Последняя еврейская семья уехала из округи. Остались только Кельнеры. Остальные на Лонг-Айленде, в Вестчестере или Флориде – в зависимости от возраста и счета в банке. Пилар думает, что Лурдес нетерпима, но что ее дочь понимает в жизни? Равенство – это вроде одной из ее абстракций. «Я не веду статистики, – говорит она Пилар. – Я не подсчитываю, сколько цветных в нашем районе». Черные лица негров, смуглые – пуэрториканцев. Время от времени встречается ирландец или итальянец, но лица у них кажутся испуганными. Лурдес предпочитает смотреть на вещи трезво – прошло всего несколько месяцев, а дома из песчаника сдаются в аренду, на улице мусор, у людей злые глаза, они сидят на ступенях крыльца у своих дверей и смотрят перед собой безучастным взглядом. Даже Пилар не вправе осуждать ее за ханжество.
Лурдес, шагая по улице, чувствует твердую землю под своими крепкими черными ботинками. Она вдыхает холодный воздух, обжигающий легкие. Ей кажется, будто воздух состоит из хрустальных волокон, которые обдирают и очищают ее изнутри. Она твердо решила, что терпеть не может фантазеров, всех, кто не в состоянии определить, где белое, а где черное.
Лурдес проводит рукой вверх-вниз по дубинке. Это единственное оружие, которым ее снабдило полицейское управление. Дубинкой и ручным фонарем. За два месяца патрулирования Лурдес один раз применила дубинку и то лишь для того, чтобы прекратить драку на спортивной площадке между маленьким пуэрториканцем и тремя итальянскими мальчишками.
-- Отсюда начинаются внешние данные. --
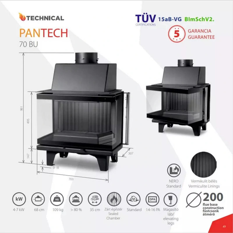 A Pantech B tűztércsalád az öntvény tűztereknél kisebb teljesítmény leadása mellett is kiváló hatásfokkal tud működni. A PanTech 70 BU kandallóbetét zárt égésterű kivitelben készült, külső levegő ellátású levegő előmelegítő rendszerrel felszerelve. Ez a tűztér már a jövő elvárásainak megfelelő technológia fejlesztéssel készült, magas szintű, hosszú fejlesztő mérnöki munka eredménye. Az A+ energiaosztályú berendezés környezetbarát és gazdaságos üzemeltetést biztosít.
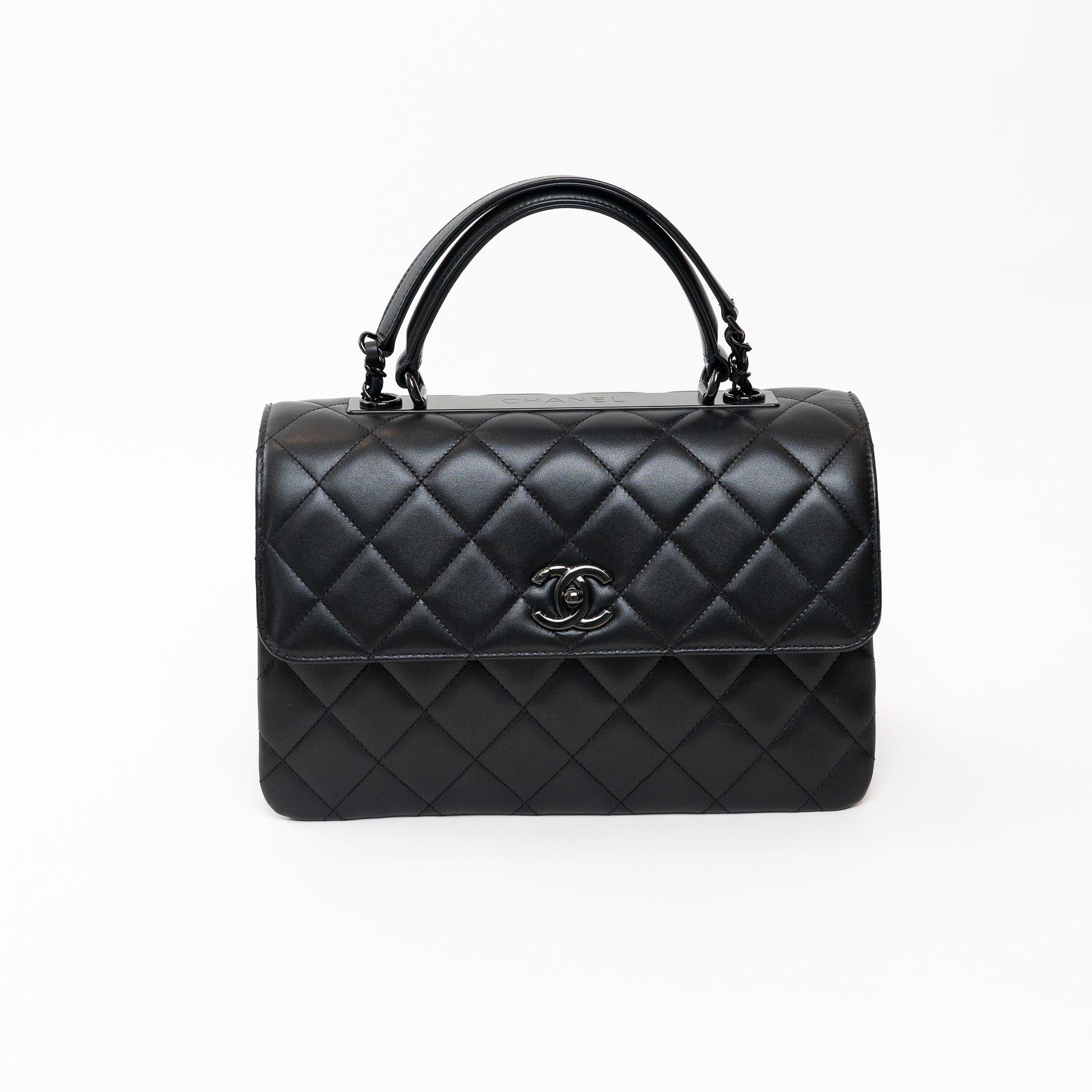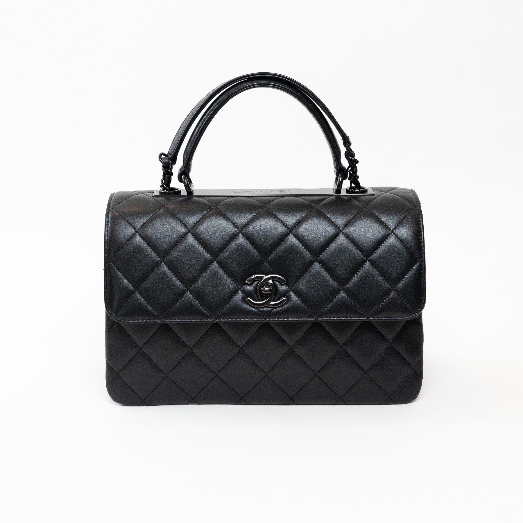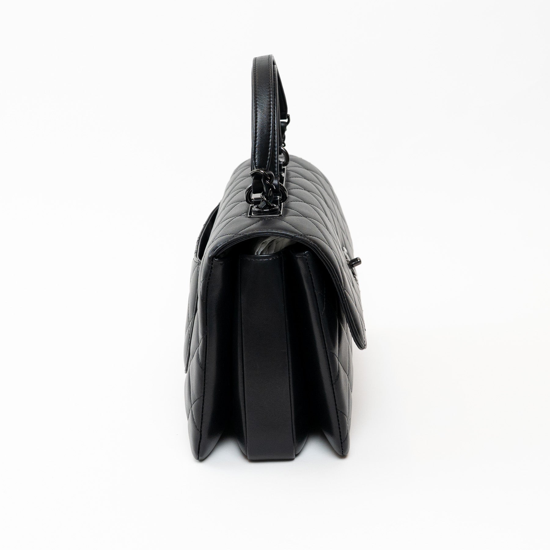 Pre-Loved Chanel™ Black Grained Quilted Leather Large Trendy Bag

Лурдес знает мать пуэрториканца. Именно она проработала у нее в булочной полдня. Лурдес поймала ее с поличным, когда та прикарманила пятьдесят центов от продажи двух жареных пирожков, и выставила вон. Неудивительно, что ее сын правонарушитель. Он продает пластиковые пакетики с марихуаной за винным магазином.
Сын Лурдес был бы примерно такого же возраста, как и сын той женщины по фамилии Наварро. Но ее сын был бы совсем другим. Он бы не препирался с ней, не торговал наркотиками и не пил бы пиво из бумажных пакетов, как другие подростки. Ее сын помогал бы ей в булочной без всяких уговоров. Он спрашивал бы у нее совета, прижимал ее руку к своей щеке, говорил бы, что любит ее. А она разговаривала бы с сыном так, как Руфино разговаривает с Пилар, по-приятельски. Лурдес страдает от этого.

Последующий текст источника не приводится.